History

Nazi Germany
- Name: U-145
- Ordered: 25 September 1939
- Builder: Deutsche Werke, Kiel
- Yard number: 274
- Laid down: 29 March 1940
- Launched: 21 September 1940
- Commissioned: 16 October 1940
- Fate: Surrendered on 5 May 1945; sunk as part of Operation Deadlight on 22 December 1945

General characteristics
- Class & type: Type IID coastal submarine
- Displacement: 314 t (309 long tons) surfaced; 364 t (358 long tons) submerged;
- Length: 43.97 m (144 ft 3 in) o/a; 29.80 m (97 ft 9 in) pressure hull;
- Beam: 4.92 m (16 ft 2 in) (o/a); 4.00 m (13 ft 1 in) (pressure hull);
- Height: 8.40 m (27 ft 7 in)
- Draught: 3.93 m (12 ft 11 in)
- Installed power: 700 PS (510 kW; 690 bhp) (diesels); 410 PS (300 kW; 400 shp) (electric);
- Propulsion: 2 shafts; 2 × diesel engines; 2 × electric motors;
- Speed: 12.7 knots (23.5 km/h; 14.6 mph) surfaced; 7.4 knots (13.7 km/h; 8.5 mph) submerged;
- Range: 3,450 nmi (6,390 km; 3,970 mi) at 12 knots (22 km/h; 14 mph) surfaced; 56 nmi (104 km; 64 mi) at 4 knots (7.4 km/h; 4.6 mph) submerged;
- Test depth: 80 m (260 ft)
- Complement: 3 officers, 22 men
- Armament: 3 × 53.3 cm (21 in) torpedo tubes; 5 × torpedoes or up to 12 TMA or 18 TMB mines; 1 × 2 cm (0.79 in) C/30 anti-aircraft gun;

Service record
- Part of: 1st U-boat Flotilla; 16 October - 18 December 1940; 22nd U-boat Flotilla; 19 December 1940 - 5 May 1945;
- Identification codes: M 26 997
- Commanders: Oblt.z.S. Heinrich Driver; 16 October - 18 December 1940; Kptlt. Rudolf Franzius; 19 December 1940 - 21 October 1941; Oblt.z.S. Heinz Schomburg; 22 October - 25 November 1941; Oblt.z.S. Reimar Ziesmer; 26 November 1941 - 14 December 1942; Lt.z.S. / Oblt.z.S. Otto Hübschen; 15 December 1942 - 12 March 1944; Oblt.z.S. Horst Dieter Hübsch; 13 March - 26 November 1944; Oblt.z.S. Friederich-Karl Görner; 27 November 1944 - 5 May 1945;
- Operations: 3 patrols:; 1st patrol:; 18 June - 6 July 1941; 2nd patrol:; 14 – 29 July 1941; 3rd patrol:; 9 – 28 August 1941;
- Victories: None

= German submarine U-145 (1940) =

German World War II submarine

German submarine U-145 was a Type IID U-boat of Nazi Germany's Kriegsmarine during World War II. She was laid down on 29 March 1940 at Deutsche Werke in Kiel as yard number 274, launched on 21 September and commissioned under the command of Oberleutnant zur See Heinrich Driver.

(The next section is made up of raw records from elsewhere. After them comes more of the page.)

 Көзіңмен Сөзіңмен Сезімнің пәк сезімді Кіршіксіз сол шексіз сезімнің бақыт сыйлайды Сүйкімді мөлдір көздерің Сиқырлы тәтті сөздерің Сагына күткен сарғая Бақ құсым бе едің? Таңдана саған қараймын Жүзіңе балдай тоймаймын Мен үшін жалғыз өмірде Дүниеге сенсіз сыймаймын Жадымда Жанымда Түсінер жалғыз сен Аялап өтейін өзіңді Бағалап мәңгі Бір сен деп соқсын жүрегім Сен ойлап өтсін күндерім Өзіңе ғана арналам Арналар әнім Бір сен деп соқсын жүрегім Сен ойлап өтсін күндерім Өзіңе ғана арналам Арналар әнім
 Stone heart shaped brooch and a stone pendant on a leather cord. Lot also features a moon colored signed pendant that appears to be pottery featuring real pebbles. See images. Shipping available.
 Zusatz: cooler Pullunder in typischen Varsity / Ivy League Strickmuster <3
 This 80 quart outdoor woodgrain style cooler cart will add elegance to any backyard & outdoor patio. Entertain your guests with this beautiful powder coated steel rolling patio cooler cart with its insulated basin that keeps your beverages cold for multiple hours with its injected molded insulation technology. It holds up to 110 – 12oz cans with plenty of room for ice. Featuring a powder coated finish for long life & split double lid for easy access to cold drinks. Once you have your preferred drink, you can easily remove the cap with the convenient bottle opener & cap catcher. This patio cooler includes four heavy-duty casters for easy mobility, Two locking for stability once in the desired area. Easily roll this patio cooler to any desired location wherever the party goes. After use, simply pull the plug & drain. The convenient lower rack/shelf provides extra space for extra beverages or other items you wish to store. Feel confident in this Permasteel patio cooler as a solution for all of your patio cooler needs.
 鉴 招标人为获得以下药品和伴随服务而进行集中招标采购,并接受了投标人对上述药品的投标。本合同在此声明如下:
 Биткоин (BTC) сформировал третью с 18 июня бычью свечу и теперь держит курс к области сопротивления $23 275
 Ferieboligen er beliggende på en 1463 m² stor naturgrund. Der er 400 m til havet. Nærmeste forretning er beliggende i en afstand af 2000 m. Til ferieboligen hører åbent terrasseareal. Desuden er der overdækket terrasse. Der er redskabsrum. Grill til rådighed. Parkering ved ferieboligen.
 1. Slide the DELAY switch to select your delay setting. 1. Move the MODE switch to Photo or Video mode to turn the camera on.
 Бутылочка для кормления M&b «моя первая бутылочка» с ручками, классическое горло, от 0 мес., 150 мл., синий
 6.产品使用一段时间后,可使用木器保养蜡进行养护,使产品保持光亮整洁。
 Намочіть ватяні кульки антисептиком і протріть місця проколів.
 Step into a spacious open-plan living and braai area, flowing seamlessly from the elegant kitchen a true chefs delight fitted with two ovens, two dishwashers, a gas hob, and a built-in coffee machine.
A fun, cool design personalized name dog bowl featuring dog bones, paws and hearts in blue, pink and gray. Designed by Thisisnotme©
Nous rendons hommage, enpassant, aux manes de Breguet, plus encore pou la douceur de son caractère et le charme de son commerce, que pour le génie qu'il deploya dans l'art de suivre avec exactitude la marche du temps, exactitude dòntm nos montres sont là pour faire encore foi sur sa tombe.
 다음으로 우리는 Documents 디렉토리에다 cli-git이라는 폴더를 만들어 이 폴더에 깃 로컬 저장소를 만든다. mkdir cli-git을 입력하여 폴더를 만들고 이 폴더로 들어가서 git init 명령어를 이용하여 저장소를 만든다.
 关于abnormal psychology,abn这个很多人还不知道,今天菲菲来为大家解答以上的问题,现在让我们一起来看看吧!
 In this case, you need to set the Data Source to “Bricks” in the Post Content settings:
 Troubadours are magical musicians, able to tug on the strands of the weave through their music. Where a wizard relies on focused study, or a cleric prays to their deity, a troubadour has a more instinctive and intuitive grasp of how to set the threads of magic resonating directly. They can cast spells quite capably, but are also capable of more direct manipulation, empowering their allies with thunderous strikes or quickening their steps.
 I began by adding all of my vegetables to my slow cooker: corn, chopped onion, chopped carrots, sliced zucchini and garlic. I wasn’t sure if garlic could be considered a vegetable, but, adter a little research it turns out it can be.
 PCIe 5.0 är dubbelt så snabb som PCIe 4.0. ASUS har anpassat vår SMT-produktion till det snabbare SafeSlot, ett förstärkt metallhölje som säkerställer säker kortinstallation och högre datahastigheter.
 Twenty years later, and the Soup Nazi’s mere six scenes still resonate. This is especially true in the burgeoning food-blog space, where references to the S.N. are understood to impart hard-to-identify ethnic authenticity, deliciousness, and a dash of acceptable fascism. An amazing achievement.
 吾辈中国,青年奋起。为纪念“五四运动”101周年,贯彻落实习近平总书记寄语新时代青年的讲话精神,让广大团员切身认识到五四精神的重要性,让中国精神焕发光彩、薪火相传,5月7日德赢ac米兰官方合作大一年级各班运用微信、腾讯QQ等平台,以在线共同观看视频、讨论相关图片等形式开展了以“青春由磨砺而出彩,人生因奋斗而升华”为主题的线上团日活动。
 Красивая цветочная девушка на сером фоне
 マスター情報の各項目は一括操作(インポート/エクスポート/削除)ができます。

Her service was carried out, first with the 1st U-boat Flotilla then the 22nd flotilla; she stayed with the latter organization for most of her career.

==Design==
German Type IID submarines were enlarged versions of the original Type IIs. U-145 had a displacement of 314 t when at the surface and 364 t while submerged. Officially, the standard tonnage was 250 LT, however. The U-boat had a total length of 43.97 m, a pressure hull length of 29.80 m, a beam of 4.92 m, a height of 8.40 m, and a draught of 3.93 m. The submarine was powered by two MWM RS 127 S four-stroke, six-cylinder diesel engines of 700 PS for cruising, two Siemens-Schuckert PG VV 322/36 double-acting electric motors producing a total of 410 PS for use while submerged. She had two shafts and two 0.85 m propellers. The boat was capable of operating at depths of up to 80–150 m.

The submarine had a maximum surface speed of 12.7 kn and a maximum submerged speed of 7.4 kn. When submerged, the boat could operate for 35–42 nmi at 4 kn; when surfaced, she could travel 3800 nmi at 8 kn. U-145 was fitted with three 53.3 cm torpedo tubes at the bow, five torpedoes or up to twelve Type A torpedo mines, and a 2 cm anti-aircraft gun. The boat had a complement of 25.

== Operational career==
U-145 did not sink or damage any ships, but she conducted three war patrols all in 1941.